To make up for its dwindling nuclear supply, Japan is on a frenzied but costly hunt for fossil fuels.
As part of that hunt, tankers from as many as 12 countries are pulling up weekly to Japanese port cities, hauling liquefied natural gas super-cooled to 260 degrees below zero. Officials from Tokyo are making trips to the Middle East, requesting increased shipments of oil. In the Timor Sea, off the coast of Australia, a Japanese firm has invested in a subsea natural gas pipeline that will eventually speed deliveries northward.
So far, Japan’s drastic increase in fossil fuel imports, namely oil and liquefied natural gas (LNG), has kept the country from the short-term crisis of power outages and darkened cities, even as more of its nuclear plants come offline.
But the import surge also comes with a dire side effect, analysts say, that strikes at the heart of the world’s third-largest economy. By relying on pricey, imported alternatives to nuclear energy, Japan this year is facing an ominous cycle in which energy costs rise and business conditions erode.
Even if thermal plants operate at full capacity this summer, the country will still be short on electrical power in peak months, hampering industrial production.
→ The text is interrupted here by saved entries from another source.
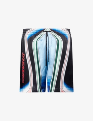 Casablanca silk shorts100% silkRelaxed fit, drawstring elasticated waistband, logo pattern at front, side slip pockets, patch pocket at back, all-over graphic patternDry cleanMade in ItalyModel is 6ft 2in/1.88m and wears a size mediumLightweight, non-stretch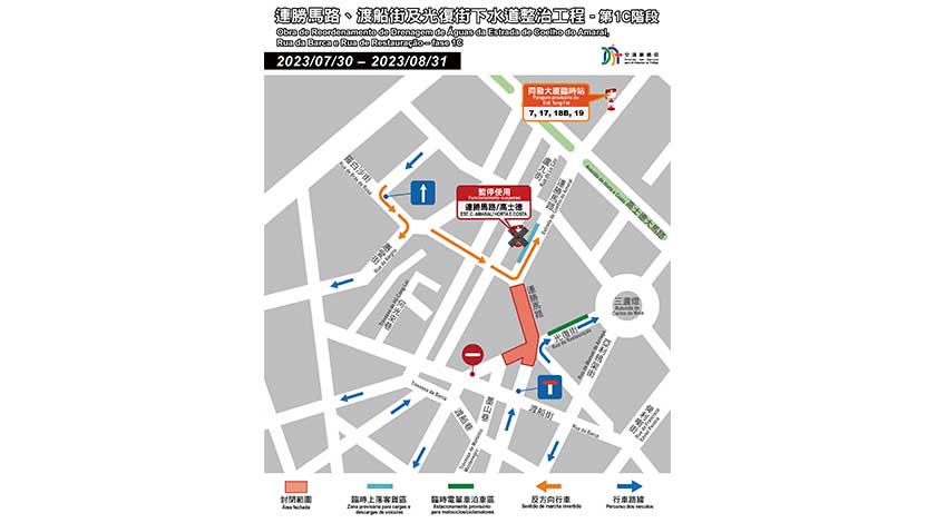 另一方面,早前因巿政署渠道優化工程(1B階段)以及私人公司接駁街渠而須封閉的渡船街路段,隨著兩項工程完工,亦將於同日恢復交通;受施工影響而需改道行駛之巴士路線,以及停用之“連勝馬路”、“渡船街/婦聯”、“渡船街/俾利喇街”巴士站亦將恢復使用。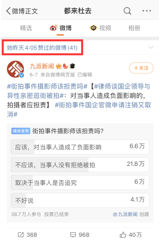 然而,董某在凌晨4点多点赞了两条微博动态,都是有关摄影师是否应承担责任的投票动态,这无疑展示了她的态度。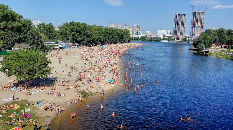 Из-за такой жары вода в Днепре уже прогрелась до 21 градуса, так что можно купаться.

That means industrial exports could shrink at the same time energy imports are on the rise, shriveling growth rates and leaving the country more vulnerable to global price shocks.
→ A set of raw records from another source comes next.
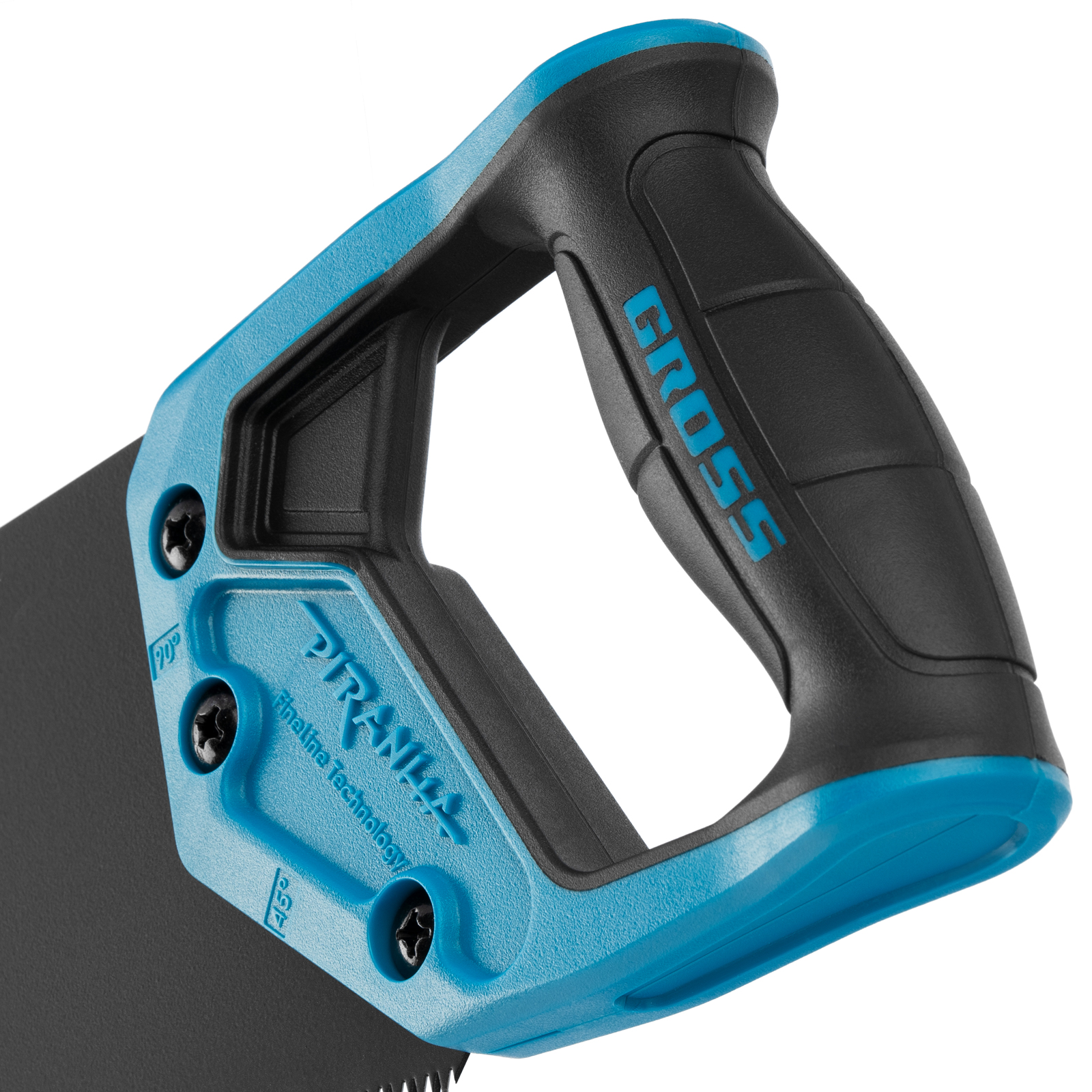Ножовка по дереву Gross PIRANHA 24111 с полотном длиной 400 мм, калеными зубьями с 3D-заточкой и шагом 11-12 TPI, тефлоновым покрытием полотна и 2-компонентной рукояткой, используется для продольного и поперечного распиливания древесины различных пород, МДФ, ДСП, ДВП, ламината, а также пенополистирола, полиуретана и других синтетических материалов. Рабочая часть состоит из мелких зубьев с шагом 2-2,3 мм, что позволяет получить ровный и чистый рез. Трехгранная заточка зубьев увеличивает производительность инструмента без потери качества распиловки. Ножовка предназначена для столярных работ.
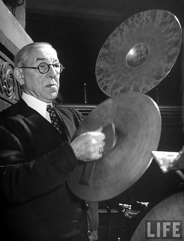 The former cymbal player from the Boston Metropolitan Symphony Orchestra playing a pair of 20" Constantinople K Zildjian cymbals bearing the Constantinople K. type zero trademark. That would mean that the date of manufacture for these would be from anywhere from 1865 to about 1912.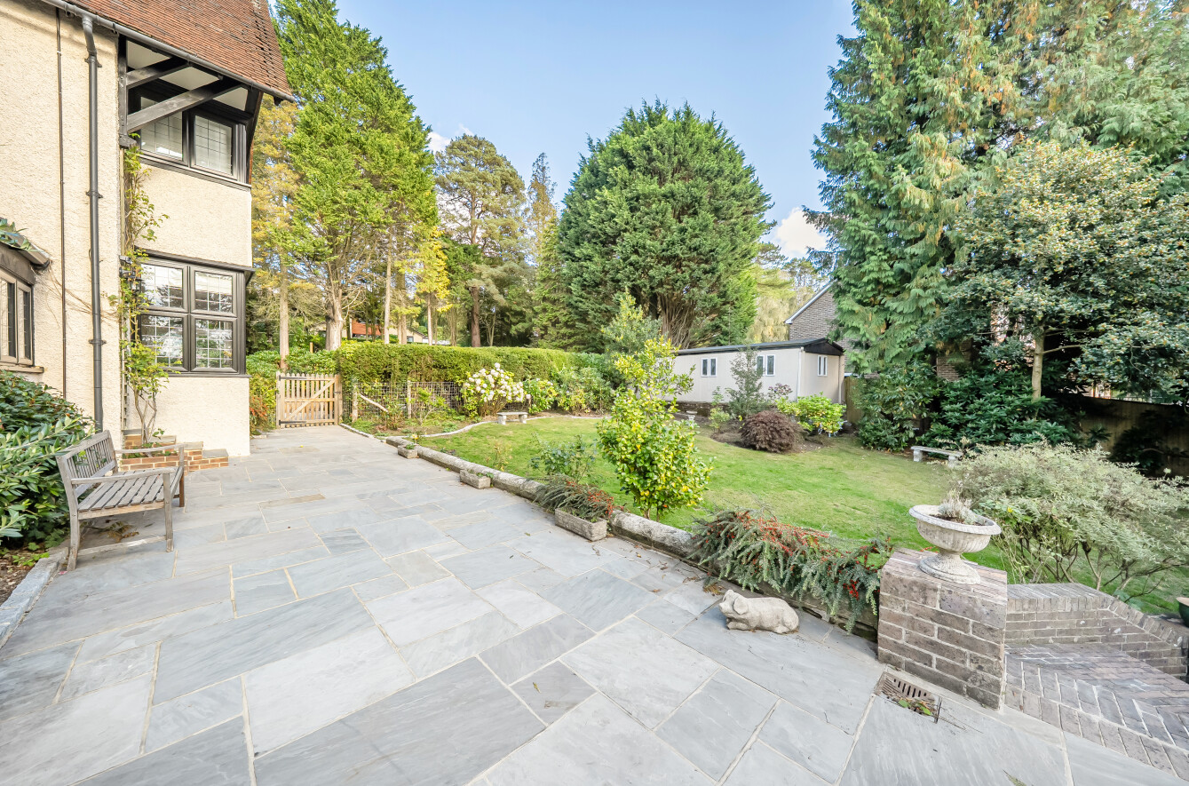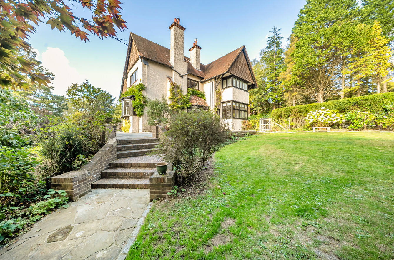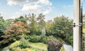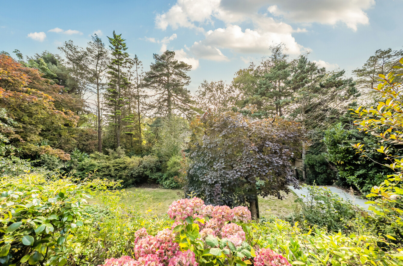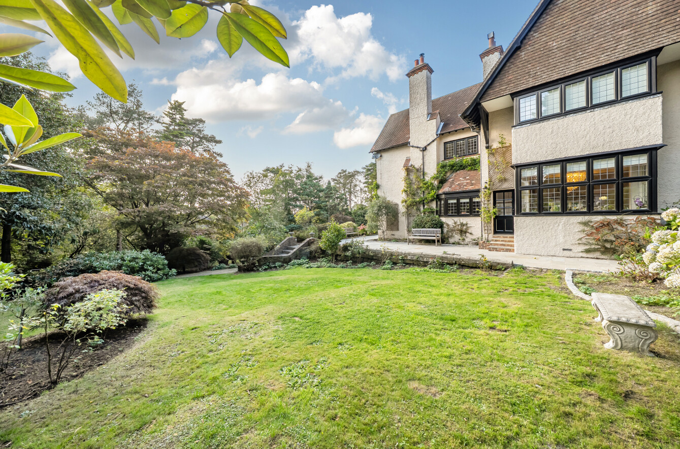 Outside, the driveway winds through a bank of mature rhododendrons and provides parking for at least five cars and a tandem garage for two more with an electric door. The rear gardens are thoughtfully landscaped, wrapping around the side and rear of the house and featuring a large patio leading on to a lawned garden and several terraces which are well-stocked with a variety of established shrubs, perennials and trees such as azaleas, camellias and of course rhododendrons. At the far end of the garden, is a summer house, tucked away in a private spot.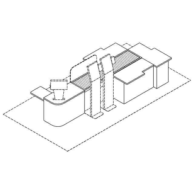 本物品は、平面視左方に設けたレジユニットと、搬送ユニットが直線に並び、搬送ユニットの右方周囲に複数の袋詰め作業台ユニットが配置されるものである。搬送ユニットはレジユニットの方向から袋詰め作業台ユニットの方向に品物を移動させるものである。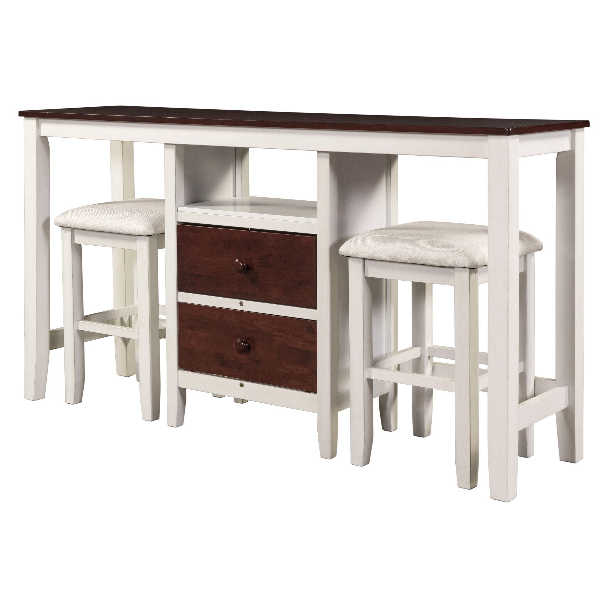 3-Piece Wood Dining Kitchen Set, White and Brown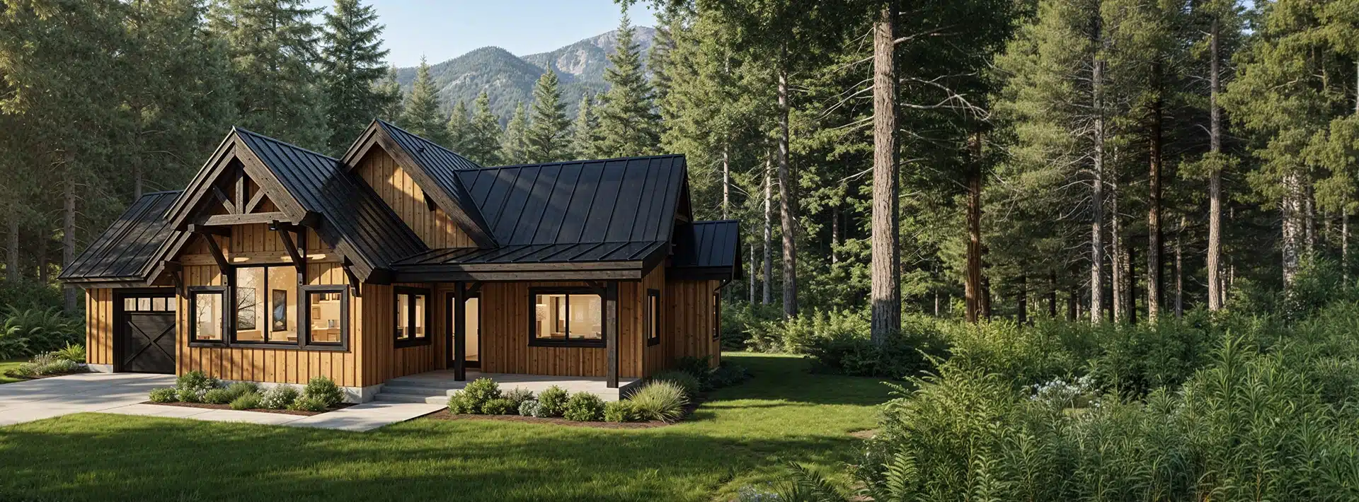 The Cottonwood is a compact three-bedroom, two-bathroom cabin that maximizes every square foot. Its open-concept living space flows to a covered porch, perfect for enjoying your morning coffee or hosting evening gatherings, while a 484 sq. ft. garage keeps vehicles and gear protected. Featuring sturdy timber rafters and a flexible interior, the Cottonwood is equally suited for a family home, guest retreat, or vacation rental.

There is a solution to all this — restarting the nuke plants — but given Japan’s mounting objection to atomic energy, it draws only a dark laugh. Even before last year’s nuclear crisis, a triple meltdown triggered by an earthquake and tsunami, Tokyo ranked as the world’s largest importer of LNG and third-largest importer of crude oil. But nuclear reactors powered one-third of the country’s needs, and the country planned for that share to increase to 50%.